Staying in with JP Harker

I always think that what is so fascinating about fiction is that it can afford us the opportunity to escape the real world and live in many other times and places. JP Harker’s new book allows just that kind of escapism and I’m delighted he has agreed to stay in with me to chat about it today.

Staying in with JP Harker

Welcome to Linda’s Book Bag, James. Thank you for agreeing to stay in with me.

Tell me, which of your books have you brought along to share this evening and why have you chosen it?

Hi Linda, today I’ve brought in my latest release; Gawain.  It follows the early life of this Arthurian hero, and is based on the Green Knight tale, with a little of my own Celtic twist.  I love Arthurian tales but too many have been put into the wrong era of history, lumping King Arthur in with a medieval idea of knights in shining armour (because that’s when the myths became really popular).

The real figures, if they ever existed, would have lived at least six hundred years earlier, when Britain was in chaos after the collapse of Roman power.  The ‘knights’ would have been Celtic or Romanised Britons, facing the slow invasion of the Saxons.  In my version of these legends, the Britons have split into various tiny kingdoms, in desperate need of unity and heroic leadership as the Saxon threat grows worse.  Knights, Assemble!

That sounds fascinating. What can we expect from an evening in with Gawain?

Gawain is a mix of fantasy and historical fiction, mixing in some traditional legends with more realistic history.  It’s by far the shortest of my books, weighing in at barely 105k words, and has a bit of a pacier feel to it.

That sounds quite a volume to me!

We’re following Gawain when he’s at the tender (and predictably unwise) age of sixteen, a young lad with two warlike older brothers growing up in the household of a semi-retired warrior king.  As you can imagine, he’s rather keen on getting some warrior reputation for himself, and impressing a certain pretty girl whenever he can.  This attitude takes him into conflict with a mysterious green-clad stranger at the feast of Beltane, and things only escalate from there.

Tantalising! And how is Gawain being received?

A few rather nice quotes from reviewers describe it thus:

‘The cast of characters in this book were funny and they seemed authentic. Gawain’s comrades were equally lacking in sense when it came to decisions’

Bookphenomena

‘The battle scenes are superb. They’re so well described and exciting, and I can really picture what’s happening. Unsurprisingly, not everyone is safe!’

Krakentoagoodbook

‘I thoroughly enjoyed the story especially as it picked up towards the end, and it ended in a twist that I did not see coming’

Eryn Oliver

I bet you’re delighted with those responses to Gawain. What else have you brought along and why have you brought it?

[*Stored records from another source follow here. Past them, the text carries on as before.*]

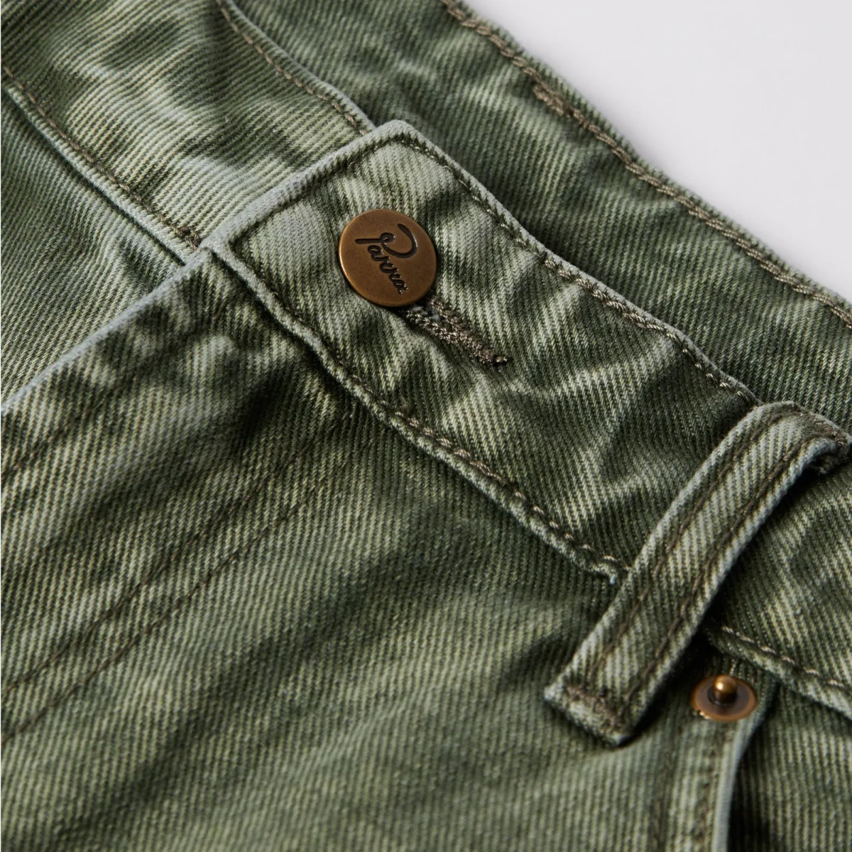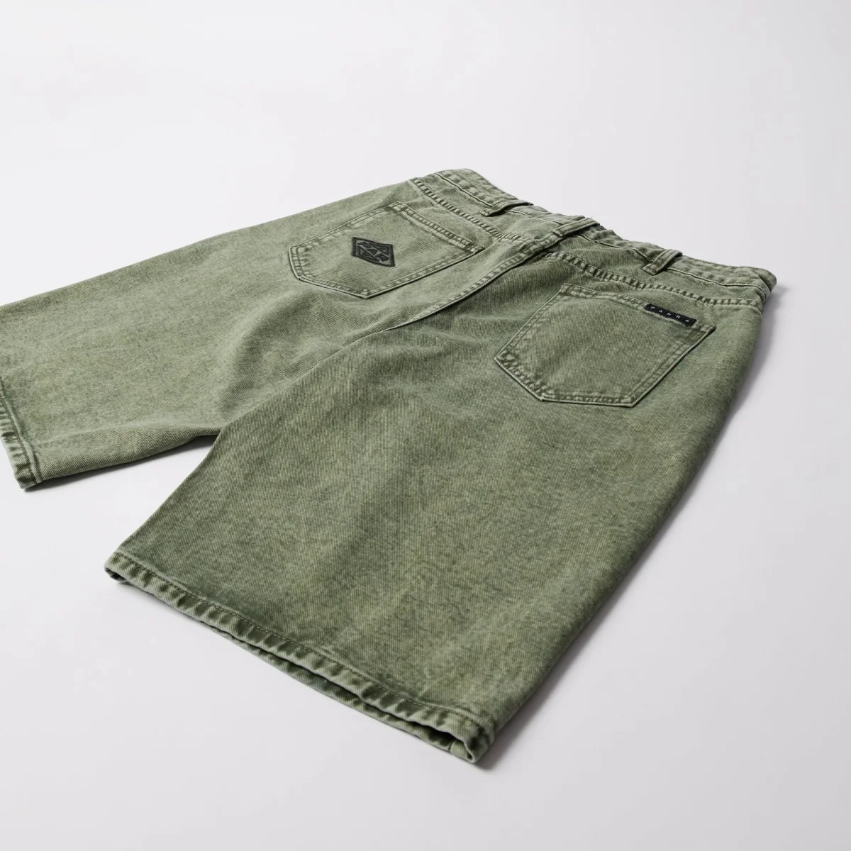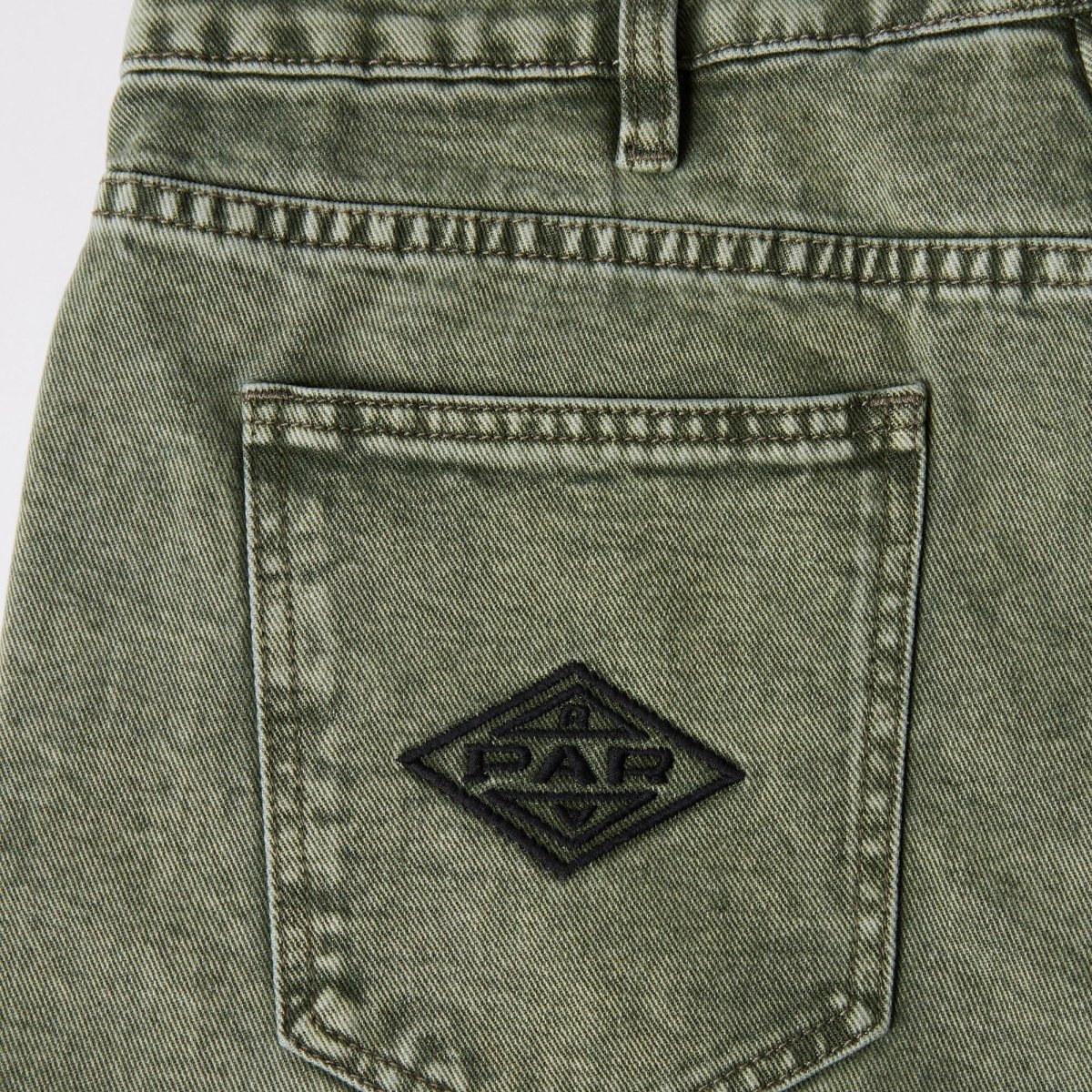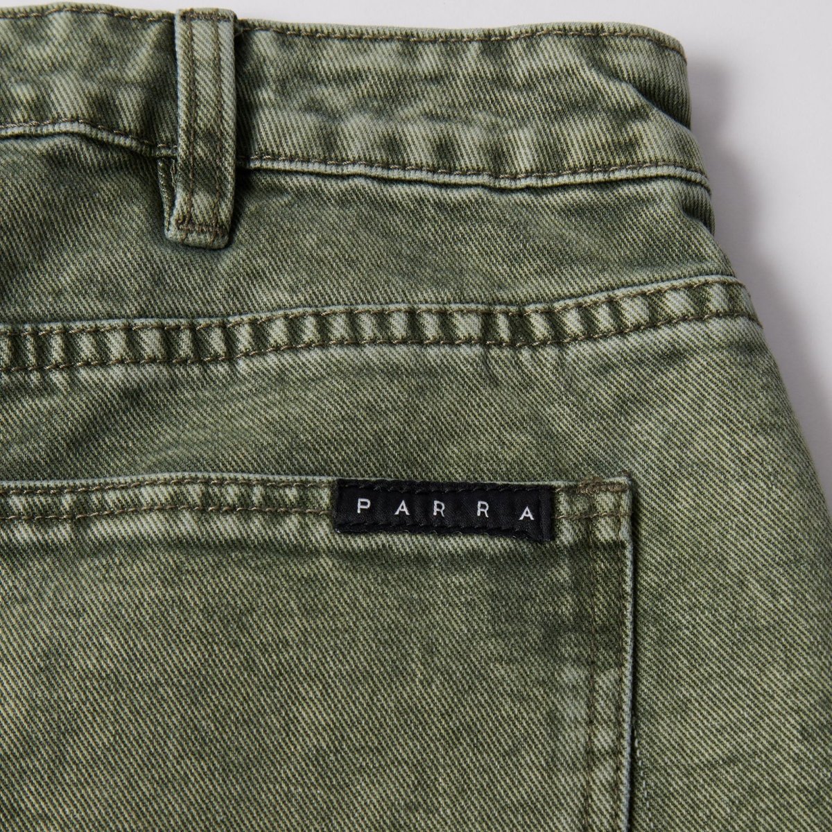 Short Parra fabriqué en toile de jean délavée. Coupe 5 poches ample qui arrive aux genoux. Multiples broderie reprenant visuels et logos Parra.
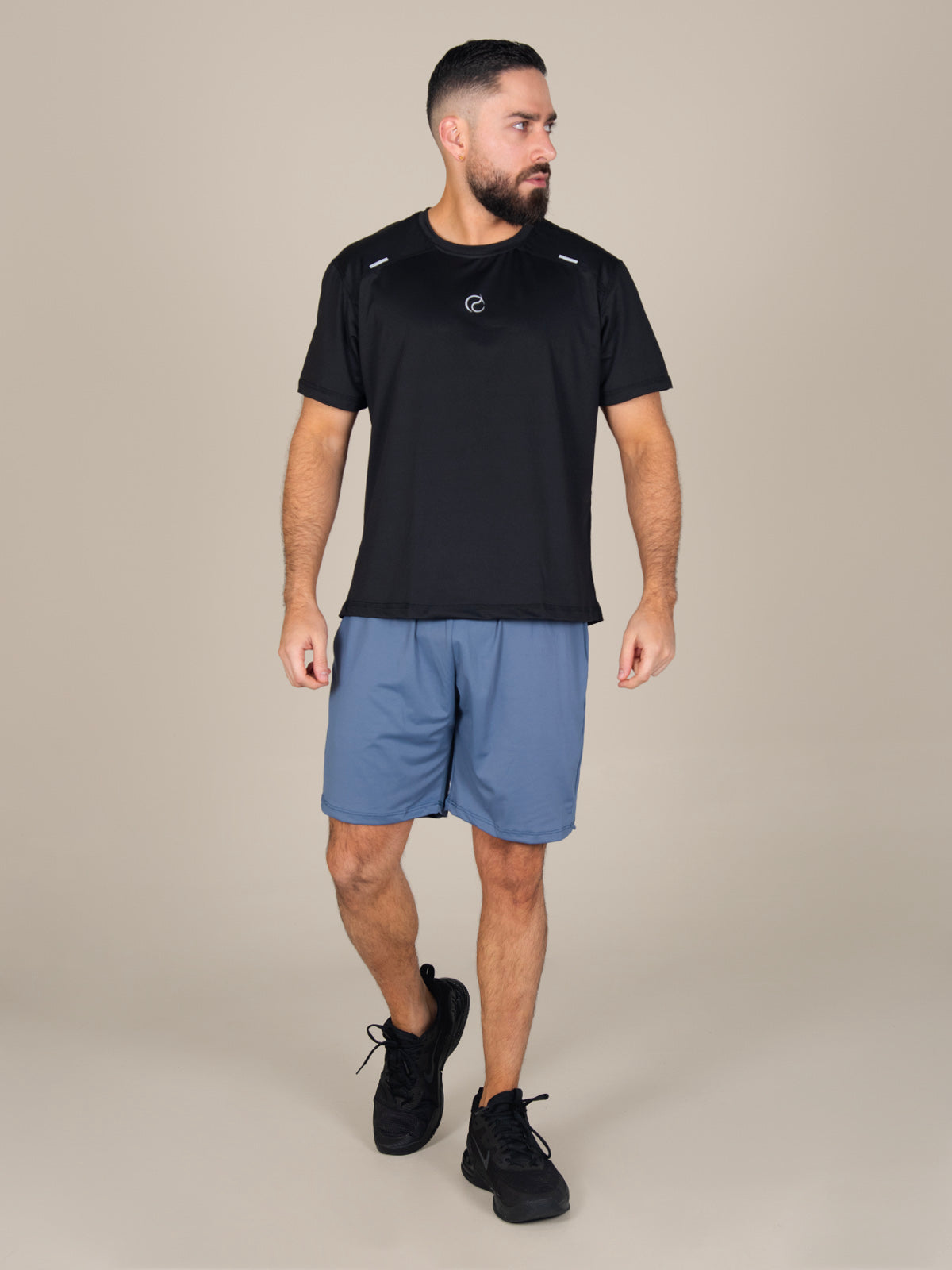 Camiseta de diseño moderno con cortes decorativos en el frente, manga corta y cuello redondo. Perfecta para un look deportivo o casual, ofreciendo comodidad y estilo en cada movimiento.
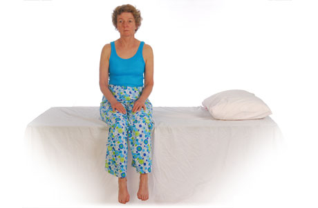 - Sit up straight on the side of the bed.

I have my traditional snack of dark chocolate cranberries (I may have a problem!), the delightful music of Queen in the background, and beside me as ever is one of my faithful swords.  Within reach is my hand-and-a-half sword, the same one which, many years ago, I used to cut my wedding cake.

My goodness James, how did I not know about chocolate cranberries!

Thanks so much for staying in with me to introduce Gawain. You share out some of those cranberries and I’ll give Linda’s Book Bag readers a few more details about Gawain:

Gawain

Gawain is the first book of the new series by JP Harker, author of Caledon Saga. Gawain follows the early lives of Arthur’s knights and the eventual formation of Camelot. Fast-paced, historically grounded re-imagining of Arthurian myth, it is focusing on a flawed hero and a sympathetic antagonist. It takes place in a semi-fantasized Dark Age Britain. Here, Romanized nations clash with each other, with the remnants of the Celtic peoples, and with the slowly encroaching Saxons.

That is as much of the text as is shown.